_EXERCISE_
Would you please give the entries again word for word, with no images in your copy?

════════════════════

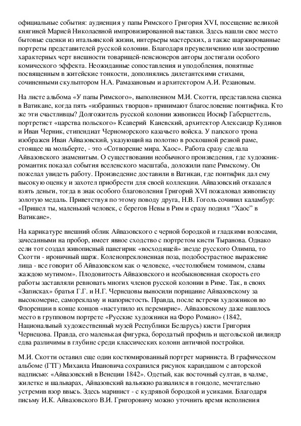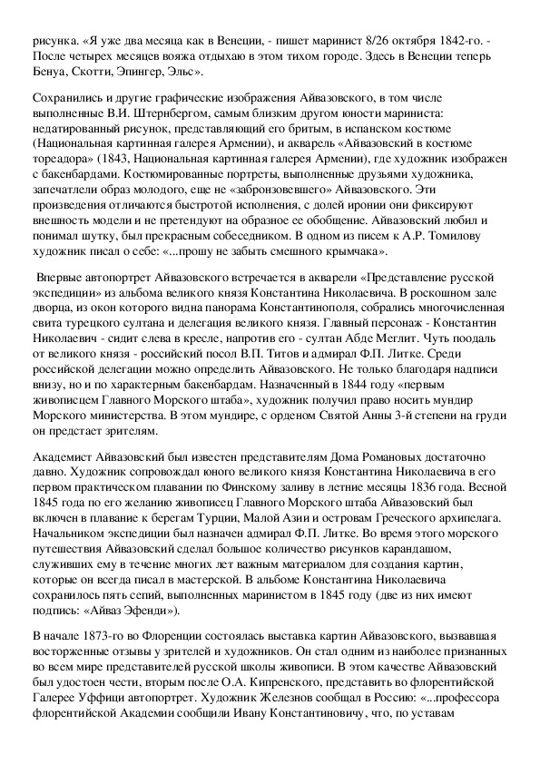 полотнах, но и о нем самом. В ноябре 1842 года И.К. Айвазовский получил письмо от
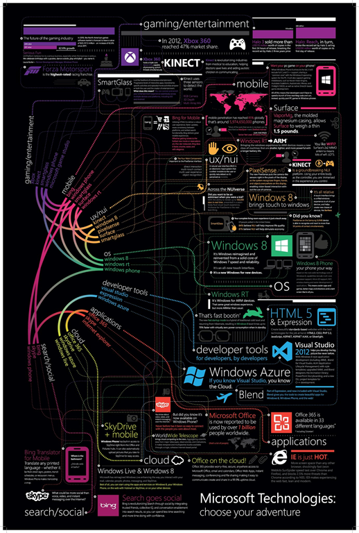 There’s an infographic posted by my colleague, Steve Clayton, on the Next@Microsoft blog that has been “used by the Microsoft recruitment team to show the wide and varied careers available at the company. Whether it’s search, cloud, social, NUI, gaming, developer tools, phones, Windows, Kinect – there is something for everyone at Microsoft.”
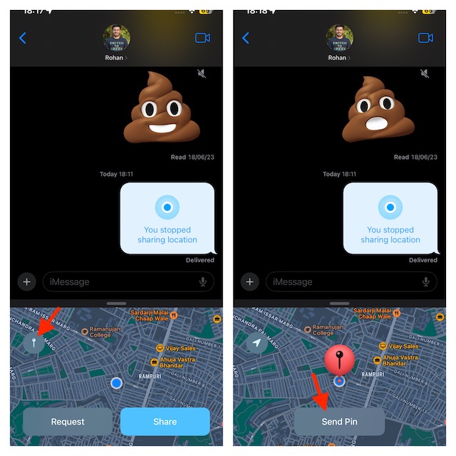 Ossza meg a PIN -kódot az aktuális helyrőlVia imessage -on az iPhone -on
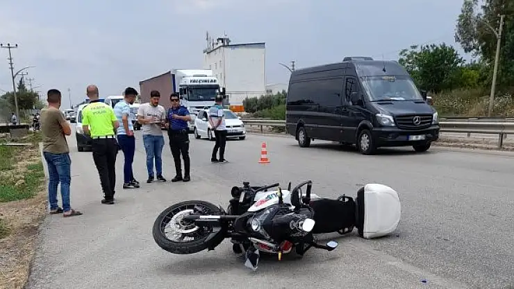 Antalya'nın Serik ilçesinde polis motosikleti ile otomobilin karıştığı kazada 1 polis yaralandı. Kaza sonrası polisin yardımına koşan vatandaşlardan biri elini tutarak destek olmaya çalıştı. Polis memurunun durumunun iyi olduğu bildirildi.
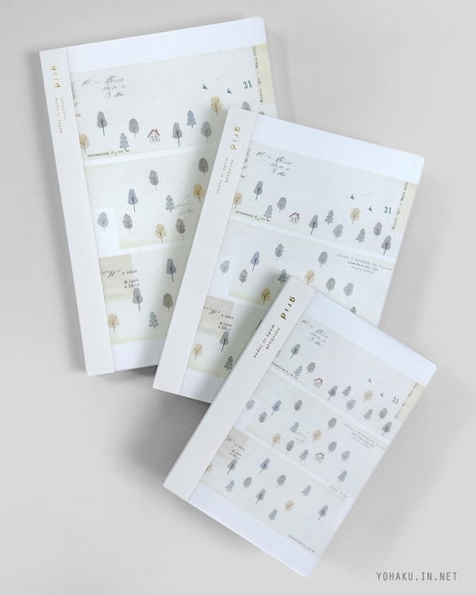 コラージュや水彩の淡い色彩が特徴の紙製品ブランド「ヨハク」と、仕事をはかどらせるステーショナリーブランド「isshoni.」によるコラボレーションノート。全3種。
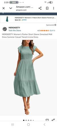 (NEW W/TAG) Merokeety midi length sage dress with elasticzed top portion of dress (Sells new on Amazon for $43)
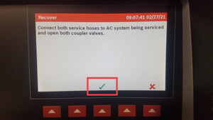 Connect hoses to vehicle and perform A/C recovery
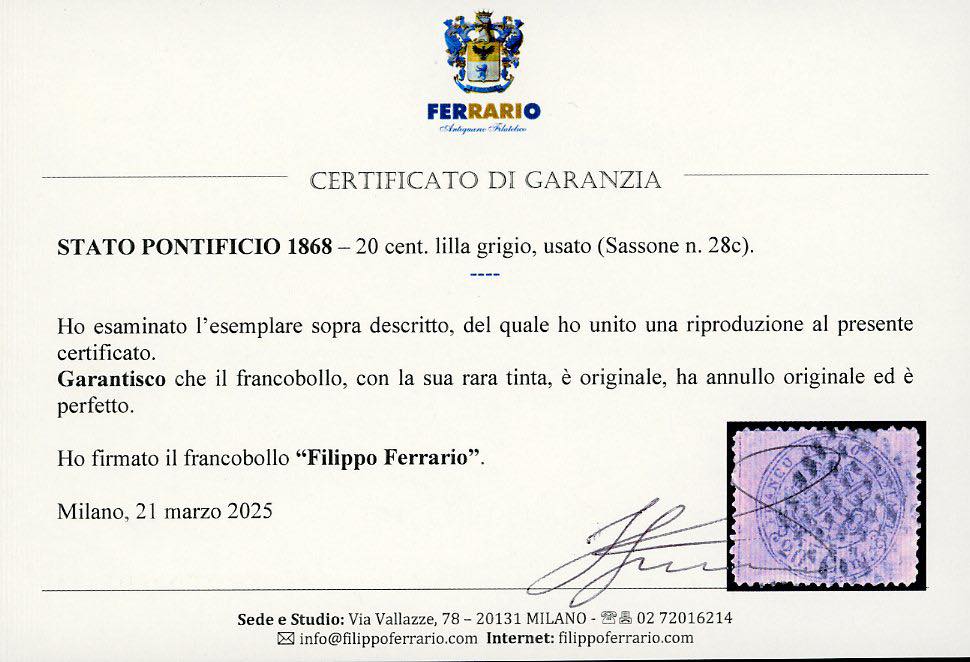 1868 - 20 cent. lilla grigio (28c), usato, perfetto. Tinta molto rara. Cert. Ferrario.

════════════════════

_ANSWER SPACE_
 полотнах, но и о нем самом. В ноябре 1842 года И.К. Айвазовский получил письмо от
 There’s an infographic posted by my colleague, Steve Clayton, on the Next@Microsoft blog that has been “used by the Microsoft recruitment team to show the wide and varied careers available at the company. Whether it’s search, cloud, social, NUI, gaming, developer tools, phones, Windows, Kinect – there is something for everyone at Microsoft.”
 Ossza meg a PIN -kódot az aktuális helyrőlVia imessage -on az iPhone -on
 Antalya'nın Serik ilçesinde polis motosikleti ile otomobilin karıştığı kazada 1 polis yaralandı. Kaza sonrası polisin yardımına koşan vatandaşlardan biri elini tutarak destek olmaya çalıştı. Polis memurunun durumunun iyi olduğu bildirildi.
 コラージュや水彩の淡い色彩が特徴の紙製品ブランド「ヨハク」と、仕事をはかどらせるステーショナリーブランド「isshoni.」によるコラボレーションノート。全3種。
 (NEW W/TAG) Merokeety midi length sage dress with elasticzed top portion of dress (Sells new on Amazon for $43)
 Connect hoses to vehicle and perform A/C recovery
 1868 - 20 cent. lilla grigio (28c), usato, perfetto. Tinta molto rara. Cert. Ferrario.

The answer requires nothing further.